MLFlow has rest APIs to interact with the different elements

## Model API 

Enables the interaction with models (save, load flavor, log)


In [None]:
mlflow.sklearn.save_model(model, "my first model")

In [None]:
# Log model to MLflow Tracking
mlflow.sklearn.log_model(model, "lr_tracking")

# Get the last run
run = mlflow.last_active_run()

# Get the run_id of the above run
run_id = run.info.run_id

# Load model from MLflow Tracking
model = mlflow.sklearn.load_model(f"runs:/{run_id}/lr_tracking")

## Custom models

MLFlow supports custom models not covered by all the pre-existing flavors.

# Serving 

MLFlow can provide endpoints to serve models

# MLFlow Model Registry

- Model: model logged to MLFlow Tracking
- Registered model: with a version and eligible to a stage
- Model Version: invrements each new registered model
- Model Stage: can be assigned one of: none, staging, production, archived

Working with the model registry can be done via the client or via the ui 



In [None]:
from mlflow import MlflowClient

client = MlflowClient()

In [None]:
client

In [None]:
client.create_registered_model(name='Unicorn')

In [None]:
client.search_registered_models(filter_string='name like "Unicorn"')

# Registering Models 

Registering models adds versioning, track changes, improves collaboration, etc.

In [None]:
mlflow.register_model(model_uri, name)

# MLFlow Projects 

This section provides an introduction to MLflow Projects, a component of MLflow designed to simplify the machine learning lifecycle. MLflow Projects package code into reusable, reproducible units, enabling easier collaboration and execution across various environments, including local machines and the cloud. 
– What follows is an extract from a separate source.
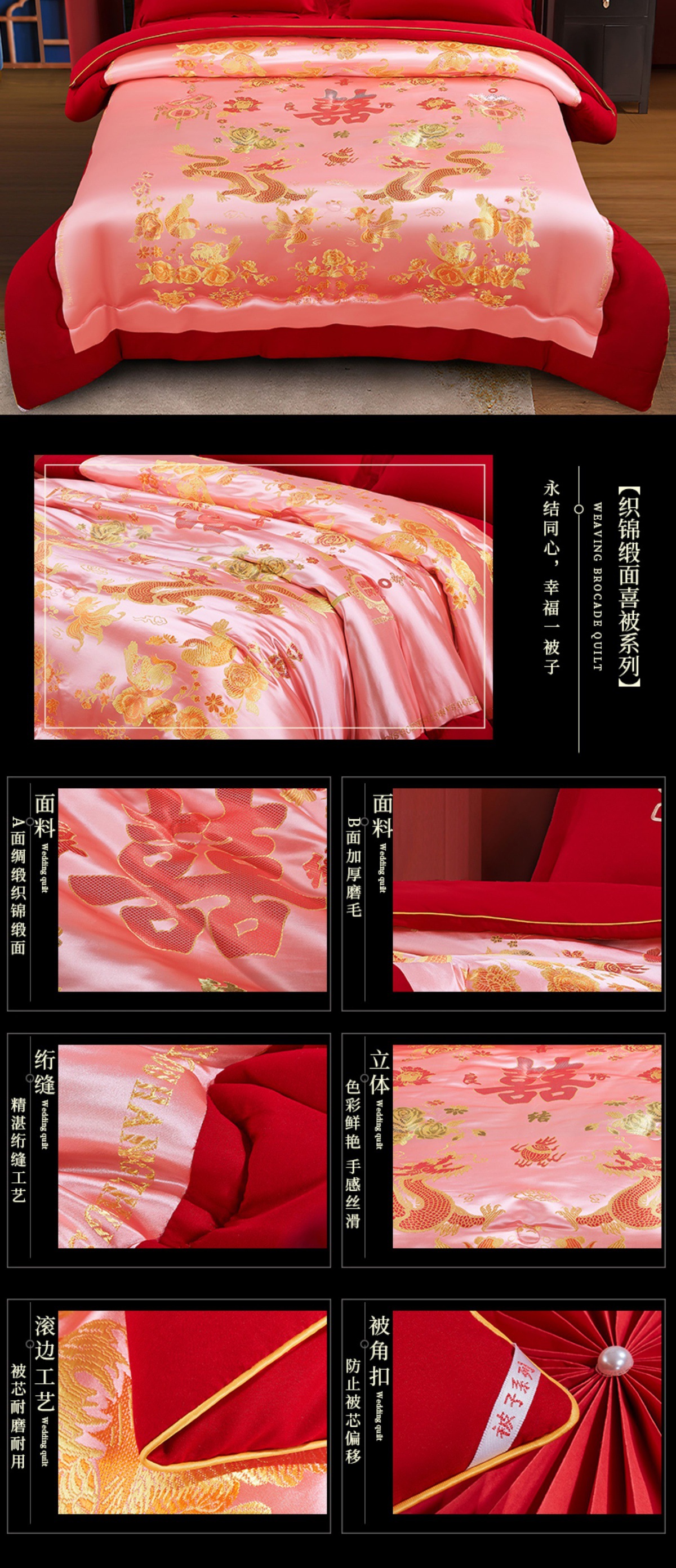 웨딩 퀼트 해피 퀼트 웨딩 용품 빅 레드 웨딩 그린 더블 행복 드래곤 피닉스 실크 새틴 퀼트 코어 퀼트스토어 가기

At its core, a Project is a directory containing ML code, described by a YAML file called MLproject, which defines the project’s name, entry points, and environment. An example of an MLflow Project is presented, including the setup of Python environments and dependencies, the use of autologging for metrics tracking, and the training of a linear regression model.